And then there were four.
After spending five years as a member of the manufactured, yet super successful pop group, Fifth Harmony, Camila Cabello is officially a solo artist. With the break, and an outspoken stance on the anti-immigration sentiments coming from our new White House (she penned a thoughtful essay on her personal experience emigrating to the U.S.), the 20-year-old Cuban and Mexican immigrant is clearly her
own woman. Whether her move will be another group-to-solo-star hit (à la Fergie) or miss (sorry Nicole Scherzinger) remains to be seen. This is a makeor-break year, but one that she seems more than ready for.
Her Latina photo shoot took place in New Jersey’s Union City, a gritty town robust with Latino immigrant sabor and culture. It’s fitting for Cabello. During the interview she sits with her legs crisscrossed, answering each question in her distinct smoky voice. She doesn’t run away from uncomfortable topics — she tackles them head-on. She doesn’t know any other way.
Why did you decide to leave Fifth Harmony?
I started in the group when I was just 15. I needed to follow my heart and my artistic vision. I’m grateful for everything we had in Fifth Harmony and for [this new] opportunity. I am less focused on success and more on doing my best and pursuing my artistic vision to the fullest, wherever that takes me. Of course I also hope people will enjoy my music!
Tell us about your evolution as a solo singer-songwriter.
I’d been writing and creating songs the whole time that I was in Fifth Harmony.
It’s been a really important creative outlet for me. I feel like I found my voice in the process. Music has helped me become selfaware and know who I am as a person.
You've talked publicly about your struggle with anxiety. When did you realize it was an issue for you?
Late 2015 and the beginning of 2016. I had terrible OCD [obsessive-compulsive disorder], and it was just totally out of control. I would wake up with a super-accelerated heartbeat and really negative, intrusive,
compulsive thoughts. I was so inside my head, and I didn’t know what was happening. I totally understand now, being in it, why there shouldn’t be such a stigma on mental illness, because it’s a pretty common
thing for people. But you can get help. If you’re dedicated to making it better, you can — because I’m in a much better place now. I started reading books about it and it really helped a lot when I understood [the
illness], and that [the thoughts I was having] weren’t real. Sometimes you have to remind yourself to slow down and take care of yourself.

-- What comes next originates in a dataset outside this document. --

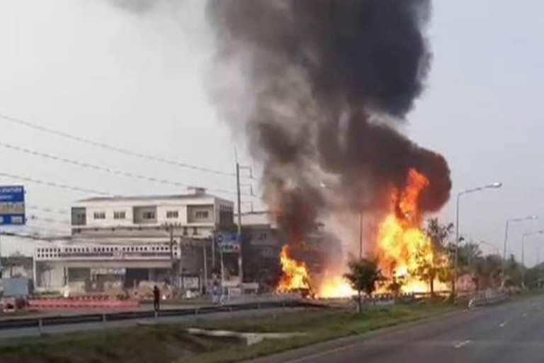 เมื่อเวลา 08.00 น. วันที่ 6 เม.ย. 64 พ.ต.ท.วิโรจน์ เจริญใจ สารวัตรเวร สภ.โพธาราม จ.ราชบุรี ได้รับแจ้งเหตุรถปิกอัพชนราวสะพานปูนแล้วเกิดเพลิงลุกไหม้ เหตุเกิดที่บริเวณถนนเพชรเกษม กม.ที่ 84 หมู่ 5 ต.บ้านสิงห์ อ.โพธาราม จึงประสานขอรถน้ำดับเพลิงจากเทศบาลตำบลบ้านสิงห์ ให้เข้าไปฉีดน้ำดับเพลิง ก่อนจะเดินทางไปตรวจสอบพร้อมหน่วยกู้ภัยสว่างราชบุรี ในที่เกิดเหตุพบเพลิงกำลังลุกไหม้รถ และจู่ๆก็เกิดระเบิดเสียงดังสนั่น เจ้าหน้าที่ดับเพลิงต้องฉีดน้ำในระยะไกล ใช้เวลานานกว่า 30 นาที จึงดับไฟที่ลุกไหม้รถได้ ตรวจสอบพบว่าเป็นรถปิกอัพ ยี่ห้อ โตโยต้า วีโก้ ไม่ทราบสี หมายเลขทะเบียน บษ - 977 พระนครศรีอยุธยา สภาพรถถูกไฟลุกไหม้เสียหายทั้งคัน ส่วนที่ด้านหลังรถนั้นบรรทุกยาฉีดกันยุงยี่ห้อ หนึ่ง ซึ่งเป็นกระป๋องสเปรย์ แรงระเบิดทำให้กระป๋องยาฉีดกันยุงปลิวกระจัดกระจายเกลื่อนถนน เจ้าหน้าที่ต้องทำการปิดการจราจรชั่วคราว เพื่อเคลียร์พื้นที่ ส่วนคนขับรถปิกอัพนั้นทราบว่าได้รับบาดเจ็บสาหัส ถูกนำตัวส่งโรงพยาบาลโพธาราม ไปก่อนหน้านี้แล้ว และเสียชีวิตในเวลาต่อมา ทราบชื่อคือนายภูวดล พลชำนาญ อายุ 19 ปี อยู่บ้านเลขที่ 48 / 53 หมู่ 3 ต.พิมลลาศ อ.บางบัวทอง จ.นนทบุรี
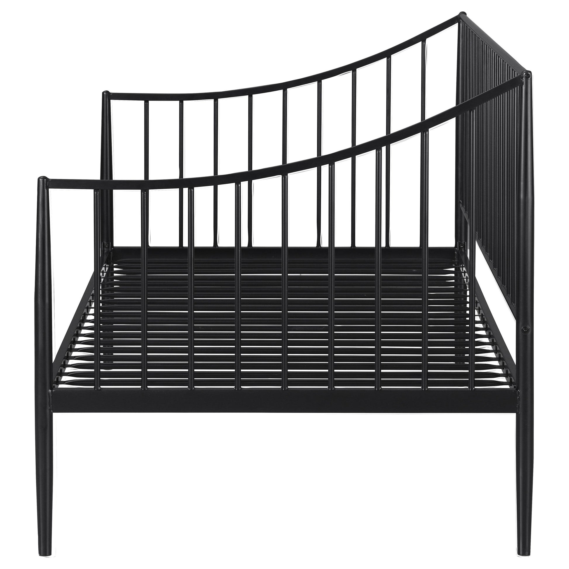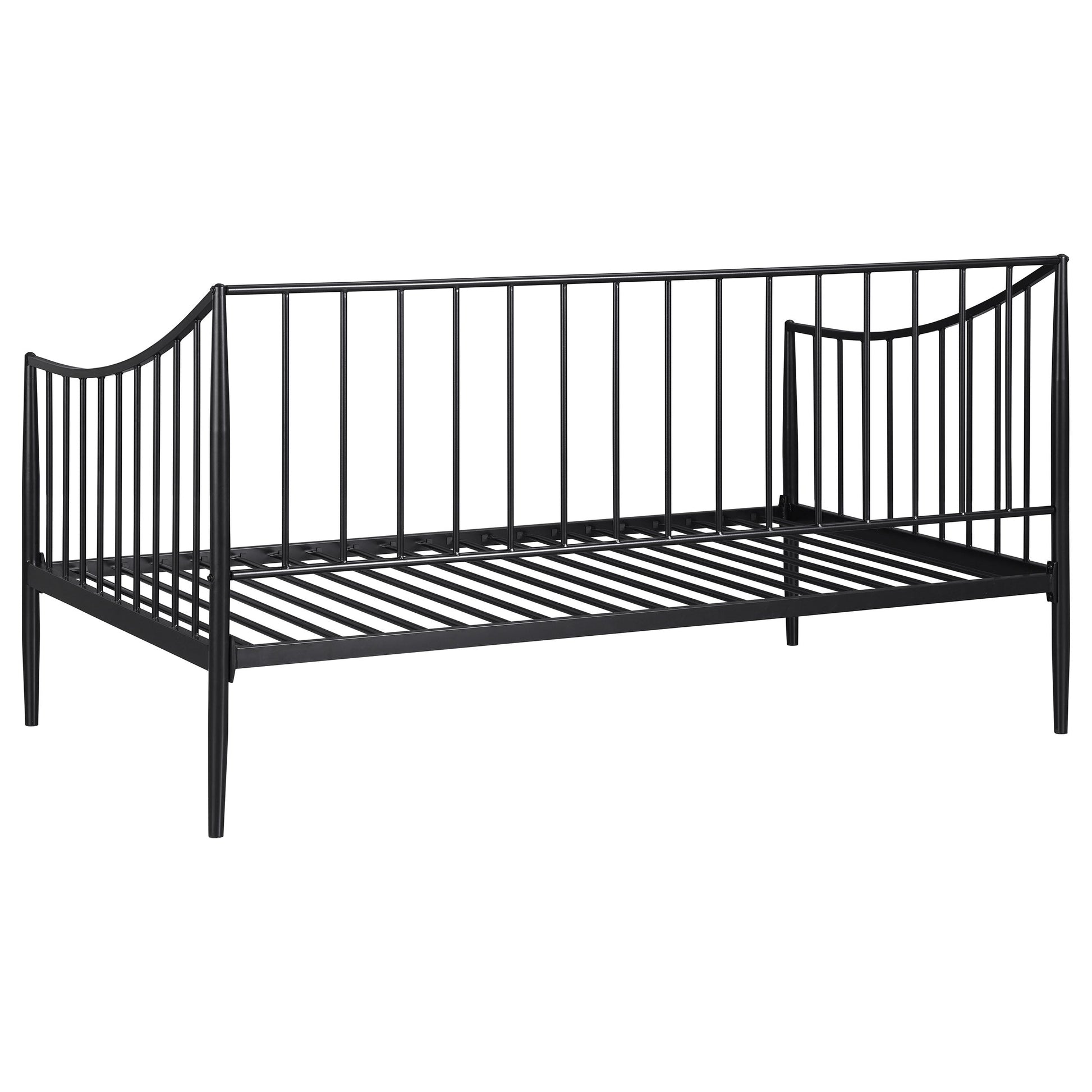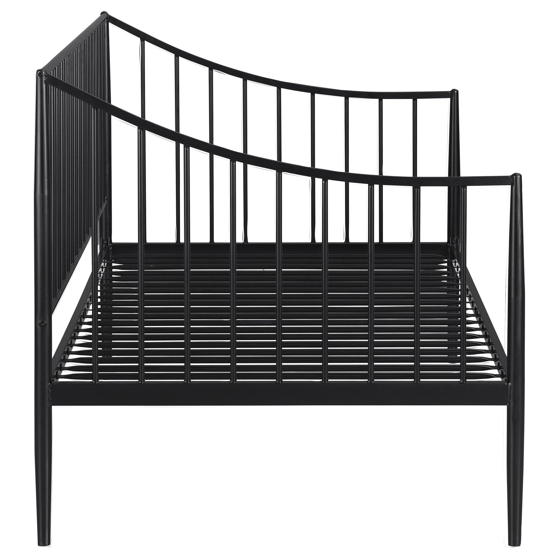 This stylish daybed offers a sleek and practical solution for guestrooms, living rooms, or compact spaces. Constructed from welded metal, it ensures lasting durability and stability. The powder-coated matte black finish enhances its modern, minimalist aesthetic while protecting against wear. Featuring a slatted metal platform, it provides reliable support for a twin mattress without the need for a box spring. Its streamlined design blends seamlessly into various settings, combining functionality with contemporary style.

Who helped you through it?
My mom is my best friend, I can tell her anything. Because she’s gone through so much in her life, she knows what’s important and what’s not. I feel like in the industry, there are beautiful, amazing things. But the only thing that I love about this is making music. Everything else can be very empty and very draining, soulless. My mom’s always been good about leading me to what’s real. Going back to Miami and being in bed with my family all cuddled up and watching La Familia Peluche… Going into the studio and spilling my heart…
Speaking of music, you're friends with Taylor Swift, is she also a mentor?
Our friendship has never been about career or anything professional. I tell her about boys and cry to her about boys. She’ll give me advice like, “No, do not text him back.” But I’m so excited for the day that I get to play her my music because she is seriously one of the reasons I started songwriting. I feel like we have something really cool where we can just be honest with each other, and we can just be girls, talking about stupid crushes. It’s the best.